Garder trace du passage

– Dis, tu sais, tous ces poils partout sur ton corps, sur ta peau, un peu comme un animal ?
Tu me dis ça et, en même temps, tu fourrages, tu t'emmêles le bout des doigts et tu te mets à grogner, comme si tu retrouvais soudain un peu de ta part animale à toi. Tu fais ça aussi avec ton chien. Au début, je te regardais par en-dessous parce que ça me rendait jaloux. Mais j'ai parlé de ça sur le divan et j'ai découvert que ça me ramenait directement au milieu de la meute de mon enfance avec les animaux et les autres enfants, et donc aujourd'hui ça s'est un peu apaisé. Et toi, tu continues sur le fil de tes idées :
– C'est comme un pelage, tu sais ?
– Oui ? je te réponds parce que je ne sais pas trop où tu vas en venir. Et je te laisse faire.

– Tu m'as dit que ça a poussé quand tu es devenu ado ? Que c'était pour faire toute la différence avec tes frères ?
Je repense à cette époque quand j'entrais à peine dans l'adolescence. Oui, je faisais croire à mes frères que j'avais concocté une potion magique qui me faisait pousser tout un duvet et qui devenait très vite une toison. Mais je gardais cette formule-là secrète pour les rendre jaloux. Aujourd'hui je me dis que c'était surtout pour essayer d'être comme mon père.
Et je pense encore et toujours à mes histoires de chiens. Il paraît que "l'inconscient c'est le corps" et qu'avec nos névroses on sur-investit parfois une part de notre corps ou un organe particulier parce qu'il est plein de sens pour nous au fond.
Je me rappelle par exemple cette femme que son père retournait sur ses genoux quand elle était enfant. C'était pour lui donner la fessée. Souvent et avec beaucoup d'application alors. Et donc cette femme-là a depuis longtemps plein de soucis aux fesses, enfin à ses hanches. Et dans ses relations, elle semble chercher l'imminence d'une fessée. Parce que même si ça fait mal, c'est familier et excitant au fond. Alors elle persévère. C'est son jeu de maux.
Et donc moi, avec cette histoire de poils, ce n'est pas une maladie mais j'ai peut-être déclenché un programme inconscient pour faire comme les animaux de compagnie de ma mère. D'abord ses deux fox terriers qui étaient toujours bien tondus pour les concours. Et ensuite les dobermans qui avaient le poil ras d'origine mais les oreilles taillées et la queue coupée.
Et, au bout du compte, j'ai dépassé mon père mais mon programme m'a dépassé. Oui, j'ai beaucoup trop de poils aujourd'hui. Alors des fois, je voudrais me tondre complètement et à jamais, non pas pour passer un concours mais parce qu'avec le réchauffement climatique j'ai trop chaud en été.
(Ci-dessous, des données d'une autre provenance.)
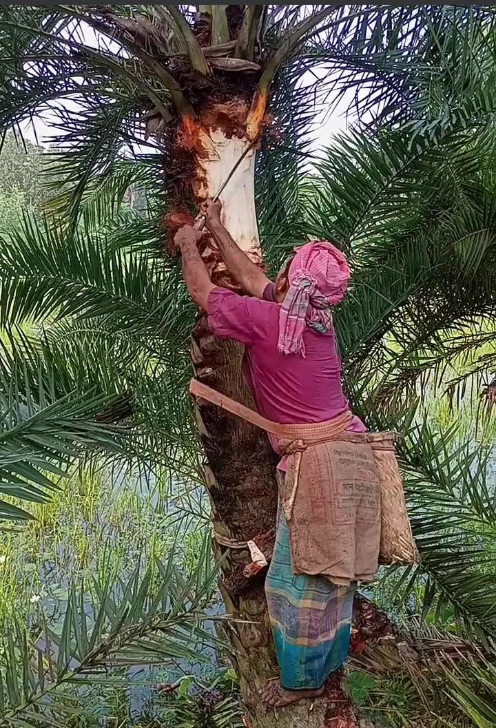 শীতের সুমিস্টি পানিও পানি খেজুররস আহরনের জন্য গাজিরাও ব্যাস্ত গাছ প্রস্তুতিতে। মাজায় রসি পেচিয়ে খেজুর গাছের সাথে নিজে শক্ত করে বেধে ধারাল হাঁসুয়া দিয়ে রসের জন্য গাছকে প্রস্তুত করতে ব্যাস্ত গাছিরা।

Et toi, là, tu perds vraiment la tête, tu plonges ton nez dans mon "pelage" comme tu dis, tu grognes davantage, mais, là, tu me griffes tu sais ? Aïe ! Tu arrêtes et tu retrouves un peu tes esprits :
– Tu sais, tout ça c'est si doux, c'est si bon, peut-être que c'était aussi pour rester dans une sensualité maximale ? Avec aussi une odeur très personnelle, intime. Oui, c'était peut-être pour garder sur toi une trace du passage par l'origine !
Ah ! C'est donc là que tu voulais en venir. C'est vrai que la toison c'est féminin aussi. Et alors ça change soudain un peu mon histoire avec mes frères, mon père et les chiens. Enfin, ça ajoute quelque chose. Et je me souviens de Liliane, une des soeurs de ma mère, dont j'étais amoureux. Elle n'avait pas de chien mais un singe. Enfin c'était une guenon qui sentait très fort et qui s'appelait Judy, comme dans Daktari, une série télévisée de l'époque, avec un vétérinaire qui dirigeait un centre d'études sur le comportement des animaux en Afrique. Il y avait aussi Clarence, une lionne qui louchait beaucoup (dans la série télé).
C'était aussi l'époque où je commençais à avoir beaucoup de duvet partout justement, un peu comme Judy d'ailleurs. Un jour, Liliane m'a emmené dans sa voiture décapotable mais je ne sais plus pourquoi la guenon m'a soudain mordu jusqu'au sang. La toison de la femme, le singe, son odeur forte, son poil très rêche, le sang, Liliane, son parfum
 je crois que tout ça s'emmêle aussi dans ma tête.
Et je me demande ce que ça représente pour toi tout le velu ? Mais tu grognes toujours, là. Je te demanderai tout à l'heure, quand tu sortiras de ta rêverie.